Data shown =
☆ ☆ ☆ ☆

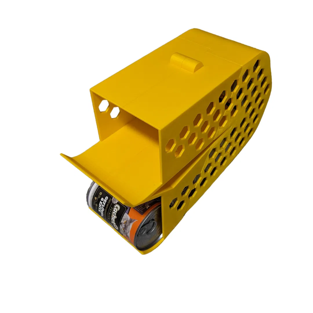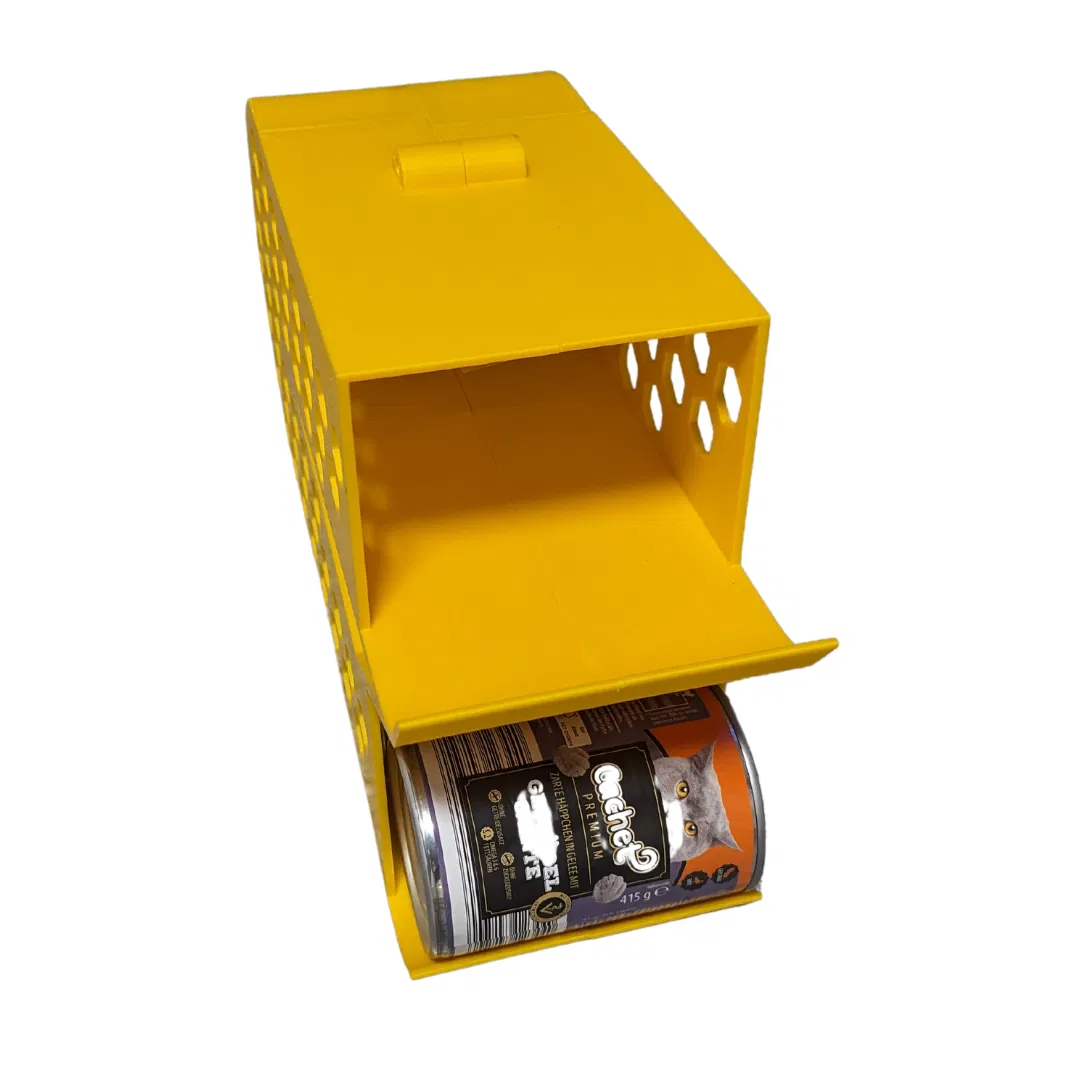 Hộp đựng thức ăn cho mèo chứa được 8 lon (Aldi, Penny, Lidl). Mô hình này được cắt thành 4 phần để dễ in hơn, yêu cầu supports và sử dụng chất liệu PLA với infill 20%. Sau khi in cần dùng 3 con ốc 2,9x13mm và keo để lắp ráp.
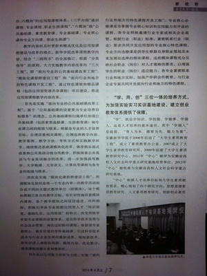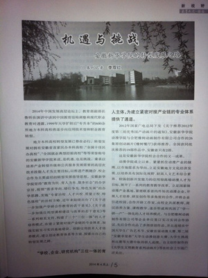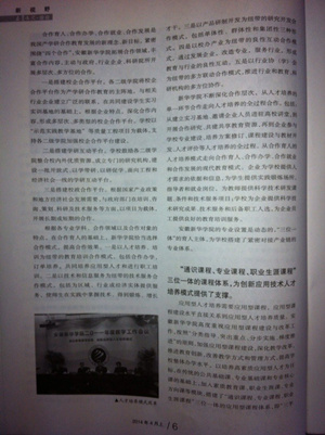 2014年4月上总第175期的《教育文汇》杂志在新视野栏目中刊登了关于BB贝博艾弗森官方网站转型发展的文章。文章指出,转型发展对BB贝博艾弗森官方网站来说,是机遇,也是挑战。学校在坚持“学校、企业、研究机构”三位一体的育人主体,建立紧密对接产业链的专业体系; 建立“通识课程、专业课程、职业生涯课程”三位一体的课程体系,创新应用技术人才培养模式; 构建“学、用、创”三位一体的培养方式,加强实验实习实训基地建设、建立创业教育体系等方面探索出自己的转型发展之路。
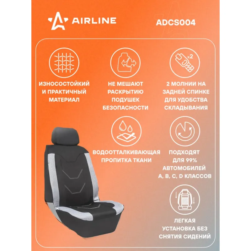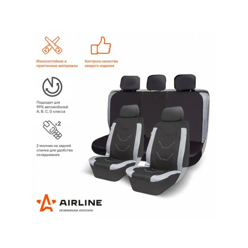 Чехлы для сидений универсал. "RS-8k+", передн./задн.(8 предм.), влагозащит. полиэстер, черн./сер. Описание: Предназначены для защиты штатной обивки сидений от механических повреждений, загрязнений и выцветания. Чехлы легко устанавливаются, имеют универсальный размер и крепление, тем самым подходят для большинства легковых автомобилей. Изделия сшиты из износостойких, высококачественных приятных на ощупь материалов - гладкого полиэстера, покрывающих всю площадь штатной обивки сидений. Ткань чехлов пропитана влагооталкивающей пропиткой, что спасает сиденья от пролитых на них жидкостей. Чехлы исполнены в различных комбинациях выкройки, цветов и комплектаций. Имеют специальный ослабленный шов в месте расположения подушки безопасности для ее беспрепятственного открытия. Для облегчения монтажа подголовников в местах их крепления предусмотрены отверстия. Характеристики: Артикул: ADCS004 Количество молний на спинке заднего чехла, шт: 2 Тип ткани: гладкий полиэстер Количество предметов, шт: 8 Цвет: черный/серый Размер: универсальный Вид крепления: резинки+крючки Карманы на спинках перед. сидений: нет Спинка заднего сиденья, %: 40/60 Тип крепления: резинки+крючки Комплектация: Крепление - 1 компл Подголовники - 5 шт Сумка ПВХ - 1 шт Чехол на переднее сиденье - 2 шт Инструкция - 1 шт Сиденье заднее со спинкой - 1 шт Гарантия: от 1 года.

☆ ☆ ☆ ☆

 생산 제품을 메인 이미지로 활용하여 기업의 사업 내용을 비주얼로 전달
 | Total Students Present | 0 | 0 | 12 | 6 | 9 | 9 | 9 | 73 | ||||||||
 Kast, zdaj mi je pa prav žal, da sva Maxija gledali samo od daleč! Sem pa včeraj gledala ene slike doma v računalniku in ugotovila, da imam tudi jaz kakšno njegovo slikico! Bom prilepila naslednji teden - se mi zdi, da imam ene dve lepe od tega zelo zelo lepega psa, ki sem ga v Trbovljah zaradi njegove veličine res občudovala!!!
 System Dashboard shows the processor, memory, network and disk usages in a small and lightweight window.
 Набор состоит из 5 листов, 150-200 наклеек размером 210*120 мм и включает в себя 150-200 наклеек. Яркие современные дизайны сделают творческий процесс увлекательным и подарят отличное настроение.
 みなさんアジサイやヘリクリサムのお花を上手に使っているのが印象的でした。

☆ ☆ ☆ ☆

Problem to solve = Only the lines above from the one with "System Dashboard shows" through the one with "みなさんアジサイやヘリクリサムのお花を上手に使っているのが印象的でした。" should be duplicated, character for character.

Written answer =
 System Dashboard shows the processor, memory, network and disk usages in a small and lightweight window.
 Набор состоит из 5 листов, 150-200 наклеек размером 210*120 мм и включает в себя 150-200 наклеек. Яркие современные дизайны сделают творческий процесс увлекательным и подарят отличное настроение.
 みなさんアジサイやヘリクリサムのお花を上手に使っているのが印象的でした。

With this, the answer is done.